When variances are non-normal and heteroscedastic, transformations can be applied to \(Y\) that may solve both problems. These include the Box-Cox Transformation, and were covered in the Linear Regression course.
When the distributions are highly skewed, non-parametric tests can be conducted based on ranks. We will describe the Kruskal-Wallis Test.
4.3.1 Weighted Least Squares and Welch’s Test
Consider the following scenario and simulation.
- There are \(r=3\) Treatments with equal means \(\left(\mu_1=\mu_2=\mu_3\right)\)

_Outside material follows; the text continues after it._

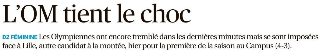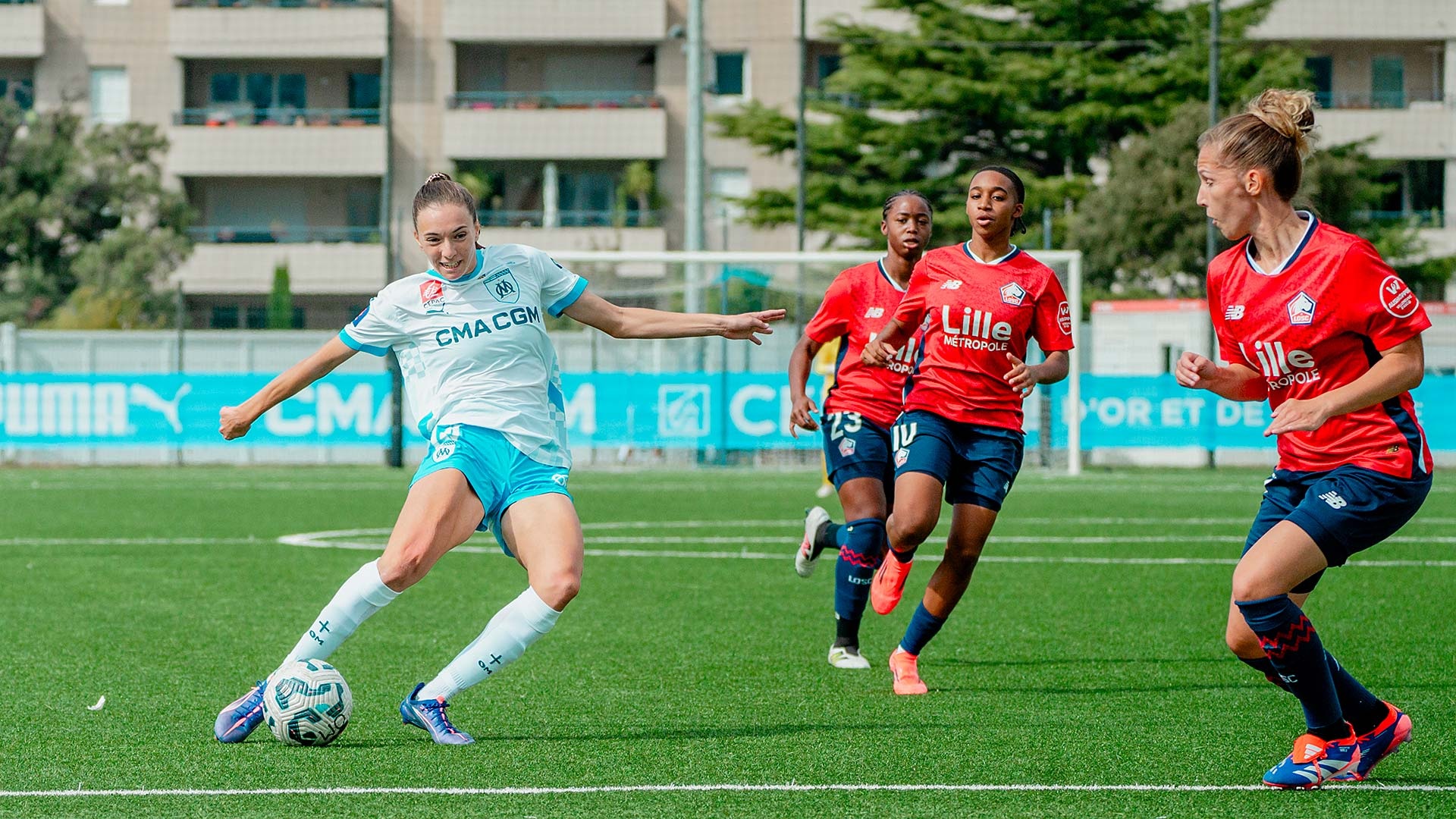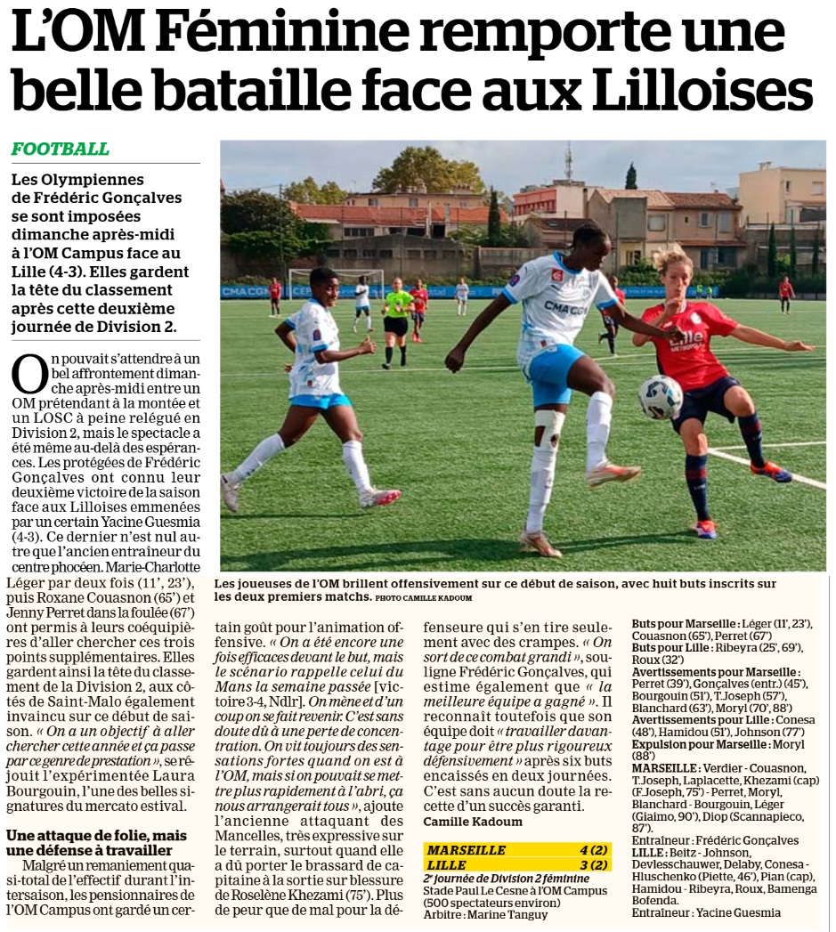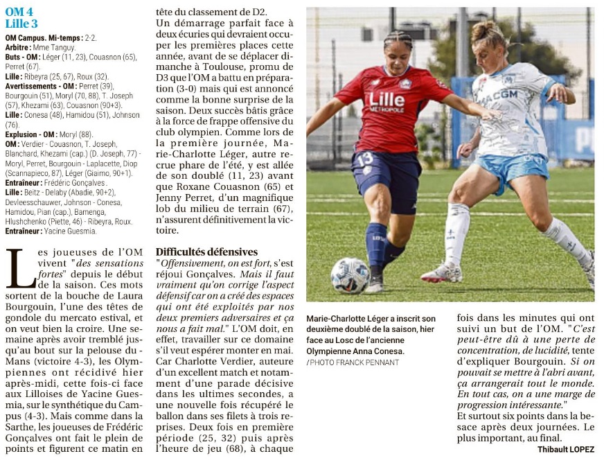 Pour la deuxième journée de Seconde Ligue, notre formation féminine recevait Lille à l'OM Campus. Nos Olympiennes sont parfaitement entrées dans la partie avec un doublé de Marie-Charlotte Léger avant la demi-heure de jeu. Mais les Nordistes ont rapidement réagi en marquant deux fois avant le repos. Après l'heure de jeu, les joueuses de Frédéric Gonçalves ont remis les pendules à l'heure. En deux minutes, elles ont repris un avantage de deux buts avec des réalisations signées Roxane Couasnon et Jenny Perret. Les Lilloises ont très vite réduit l'écart et ont poussé en fin de rencontre pour revenir au score. Mais, malgré l'expulsion de Maudeline Moryl, nos joueuses ont tenu bon et s'imposent donc pour ce premier rendez-vous de la saison à domicile. Après ce second succès, elles pointent en tête du classement avec 6 points. Lors de la prochaine journée, le dimanche 29 septembre à 15 heures, elles se déplaceront sur la pelouse du Toulouse FC |

- The Treatments have unequal standard deviations (and thus variances)
- The Treatments have equal or unequal sample sizes
Note that the null hypothesis \(H_0:\mu_1=\mu_2=\mu_3\) holds, so optimally, the rejection rate based on the \(F\)-test with significance level \(\alpha\) should be approximately \(\alpha\). We will simulate datasets for the following scenarios, all with \(\mu=100\) for all treatments, and normal error terms.
- Scenario 1 - \(n_1=n_2=n_3=20\quad \sigma_1=\sigma_2=\sigma_3=20\) (standard assumptions)
- Scenario 2 - \(n_1=n_2=n_3=20 \quad \sigma_1=10,\sigma_2=20,\sigma_3=30\)
- Scenario 3 - \(n_1=10,n_2=20,n_3=30 \quad \sigma_1=10,\sigma_2=20,\sigma_3=30\)
- Scenario 4 - \(n_1=30,n_2=20,n_3=10 \quad \sigma_1=10,\sigma_2=20,\sigma_3=30\)
Each scenario will be run, and the rejection rate will be reported in each case. The program below is the same for each scenario with only the inputs for n and sigma changing.
## Scenario 3
mu <- rep(100,3)
sigma <- c(10,20,30) ## Change these for various scenarios
n <- c(10,20,30) ## Change these for various scenarios
y.grid <- seq(0,200,.025)
plot(y.grid, dnorm(y.grid,mu[1],sigma[1]), type="l", col="red4",lwd=1.5,
xlab="y", ylab="density")
lines(y.grid, dnorm(y.grid,mu[2],sigma[2]), col="blue4",lwd=1.5)
lines(y.grid, dnorm(y.grid,mu[3],sigma[3]), col="green4",lwd=1.5)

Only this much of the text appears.